325.However, it is not yet clear how serious this problem is likely to be in real-world scenarios. Most examples to date have not been considered ‘robust’—while they may fool an AI system from a particular angle, usually if an image is rotated or zoomed in slightly, the effect is lost. Recent experiments, however, have shown the possibility of creating more robust attacks. Many AI developers have started to consider adversarial hacking, and in some cases are considering possible countermeasures. When we asked Professor Chris Hankin, Director of the Institute for Security Science and Technology at Imperial College, about the implications of this, he informed us that “at the moment certainly, AI is not the only answer we should be thinking about for defending our systems”.448

326.During our visit to Cambridge, researchers from the Leverhulme Centre for the Future of Intelligence said that many developments in AI research have many different applications, which can be put to good use, but can equally be abused or misused. They claimed that AI researchers can often be naïve about the possible applications of their research. They suggested that a very small percentage (around 1%) of AI research regarding applications with a high risk of misuse should not be published, on the grounds that the risks outweighed the benefits. As much AI research, even in some cases from large corporations, is published on an open access or open source basis, this would contravene the general preference for openness among many AI researchers.

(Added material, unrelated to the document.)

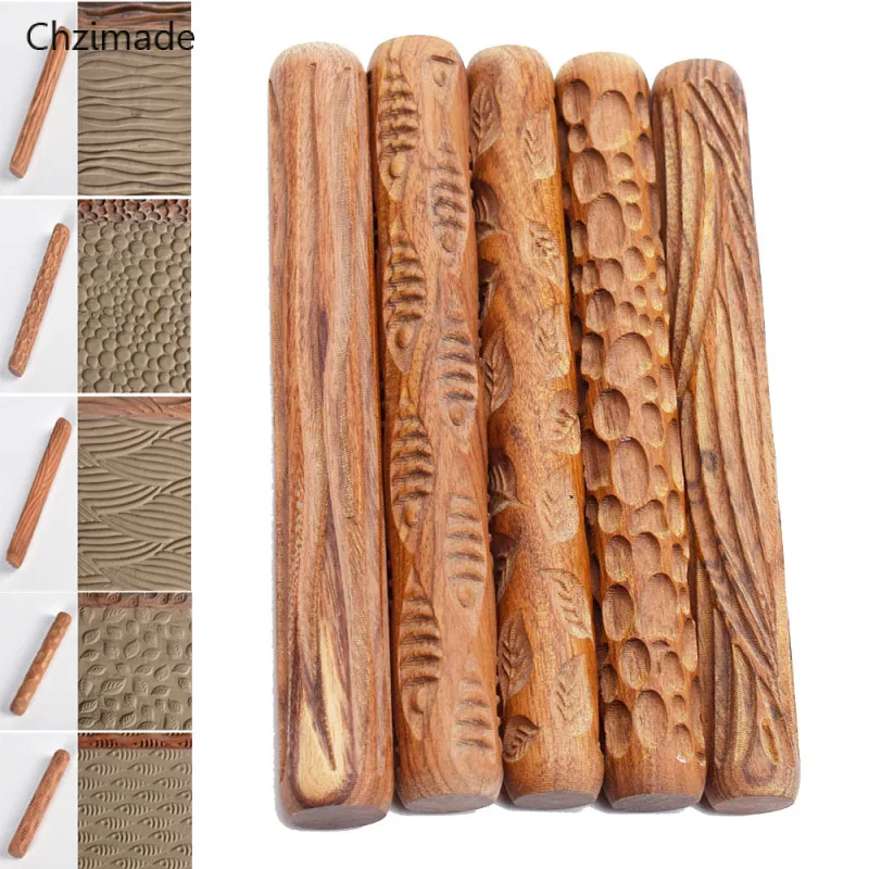 Chzimade глиняная Глина Инструменты текстура древесины Скалка Профилированная лопатка рыбка с пузырьками Лист Волна шаблон керамическая Глин...

327.When we put this to Dr Mark Briers, Strategic Programme Director for Defence and Security, Alan Turing Institute, he said that “there is an ethical responsibility on all AI researchers to ensure that their research output does not lend itself to obvious misuse and to provide mitigation, where appropriate”.449 However, drawing on the example of 3D printing, where the same technology that can illicitly produce firearms is also producing major medical advances, he believed that “principles and guidelines, as opposed to definitive rules” were more appropriate. Professor Hankin also agreed with this approach, noting precedents in cybersecurity, where many vendors provide ‘bug bounties’ to incentivise the disclosure of security vulnerabilities in computer systems by researchers and other interested parties, so that they can be patched before knowledge of their existence is released into the public domain.450

328.The potential for well-meaning AI research to be used by others to cause harm is significant. AI researchers and developers must be alive to the potential ethical implications of their work. The Centre for Data Ethics and Innovation and the Alan Turing Institute are well placed to advise researchers on the potential implications of their work, and the steps they can take to ensure that such work is not misused. However, we believe additional measures are required.

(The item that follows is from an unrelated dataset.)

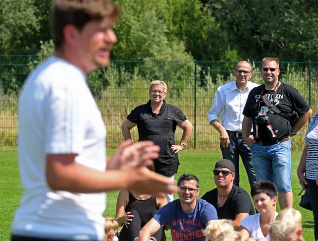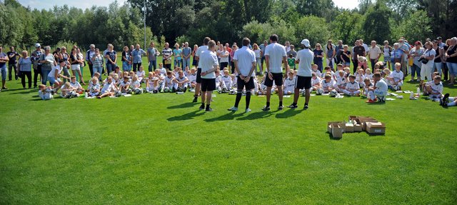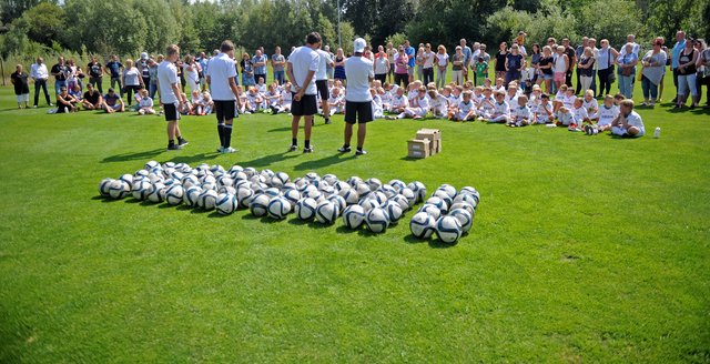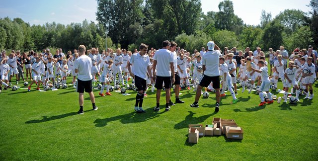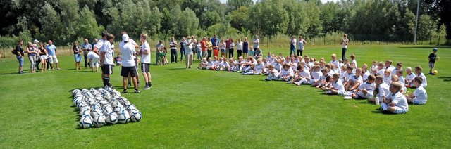 Bazooka-Goals, GPS-Gürtel „Tracktics“, elektronische Leibchen, Smartbälle und spezielle Bälle von „Corpus Rasenreich“, eine Analysetechnologie aus Südkorea – auf dem Kunstrasenplatz des FC Schönberg 95 wurde in dieser Woche trainiert wie bei den Großen. Die Fundación Real Madrid Clinics Western Europe war mit dem Real-Madrid-Feriencamp zu Gast an der Maurine und ermöglichte insgesamt 85 Kindern und Jugendlichen 5 aufregende Tage. U.a. mit Stationstraining und Turnieren wurde den jungen Fußballern ein anspruchsvolles Programm geboten, bei dem neben der sportlichen Weiterentwicklung als ganz wichtiger Aspekt auch soziale Werte vermittelt werden sollte, wie Campleiter Robin Graupner heute auf der Abschlussveranstaltung noch einmal erklärte. Wie in den vergangenen Jahren lief bis auf ein paar Wetterproblemchen Mitte der Woche alles perfekt. Robin Graupner bedankte sich ausdrücklich beim gastgebenden FC Schönberg 95 für die gute Unterstützung und sagte: „Der FC Schönberg 95 war wieder ein Partnerverein, wie wir uns das vorstellen. Vielen Dank insbesondere an Monika und Wilfried Rohloff, die sich aufopferungsvoll um alles gekümmert haben.“

329.We recommend that universities and research councils providing grants and funding to AI researchers must insist that applications for such money demonstrate an awareness of the implications of the research and how it might be misused, and include details of the steps that will be taken to prevent such misuse, before any funding is provided.

330.Witnesses also told us that the potential misuse of AI should be considered in terms of the data fed into these systems. The subject of adversarial attacks illustrates more widely how misleading data can also harm the integrity of AI systems. In Chapter 3 we considered the issue of how biased datasets can lead an AI system to the wrong conclusions, but systems can also be corrupted on purpose. As 10x Future Technology put it, “as data increases in value as a resource for training artificial intelligences, there will be new criminal activities that involve data sabotage: either by destroying data, altering data, or injecting large quantities of misleading data”.451 NCC Group said: “If attackers can taint data used at training or operation phases, unless we are able to identify the source of any of those taints (which could be akin to finding a needle in a haystack), it might be extraordinarily difficult to prosecute criminals using traditional means”.452

331.There are a number of possible solutions to these issues. NCC Group highlighted recent research on countering adversarial attacks by devising means to detect and reject ‘dangerous data’ before it can reach the classification mechanisms of an AI system.453 However, they believed it was more important to ensure that the data used to train and operate AI systems were not put at risk of interference in the first place, and “to counter such risks, clear processes and mechanisms need to be in place by which AI applications carefully vet and sanitise their respective data supply chains, particularly where data originates from untrusted sources, such as the Internet and end-users”.454 They suggested that mandatory third-party validation of AI systems should be considered, in order to periodically check their effectiveness, especially in the case of cybersecurity systems which are safeguarding other systems.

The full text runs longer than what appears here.